Matched-Learning-Rate Analysis of Attention Drift and Transfer Retention in Fine-Tuned CLIP

cs.LG updates on arXiv.org

Ruize Xia

Apr 21, 2026, 12:00 AM

arXiv:2604.16410v1 Announce Type: new Abstract: CLIP adaptation can improve in-domain accuracy while degrading out-of-domain transfer, but comparisons between Full Fine-Tuning (Full FT) and LoRA are often confounded by different learning-rate conventions. We study how adaptation method and optimization scale jointly shape attention drift and transfer retention in CLIP using a controlled matched-learning-rate comparison of Full FT and LoRA. The completed matrix contains 80 runs on CLIP ViT-B/32 across EuroSAT and Oxford-IIIT Pets, spanning four shared learning rates ($10^{-6}$, $5{\times}10^{-6}$, $10^{-5}$, $5{\times}10^{-5}$) and five seeds, and evaluates attention-drift metrics, best validation accuracy, and adapter-aware CIFAR-100 zero-shot accuracy. Learning rate strongly modulates structural change: on EuroSAT, Full FT moves from mild entropy broadening at $10^{-6}$ to marked contraction at $5{\times}10^{-5}$, whereas LoRA remains entropy-positive across the full matched grid.
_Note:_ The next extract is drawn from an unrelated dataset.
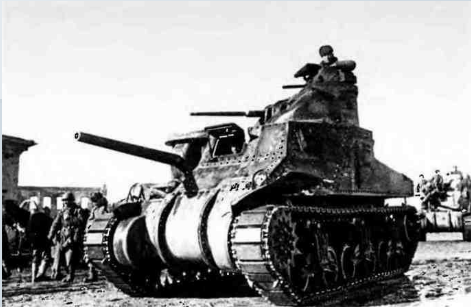
МЗс на улице освобождённой Вязьмы. Западный фронт, 1943 года.
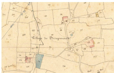
Le bâtiment sur le cadastre de 1835 IVR53_20053518912NUCA

At matched learning rates, LoRA preserves substantially more zero-shot transfer than Full FT, averaging $45.13\%$ versus $11.28\%$ CIFAR-100 accuracy on EuroSAT and $58.01\%$ versus $8.54\%$ on Pets. Oxford-IIIT Pets also reveals a regime effect: low-learning-rate LoRA underfits in-domain, so method-only averages can obscure when LoRA becomes competitive. Supporting rollout, patch-to-patch, and CKA analyses are directionally consistent with the controlled matrix. Overall, matched-learning-rate evaluation materially changes the interpretation of Full FT versus LoRA, and attention drift is most useful as a descriptive diagnostic of representation preservation rather than a causal explanation of transfer behavior.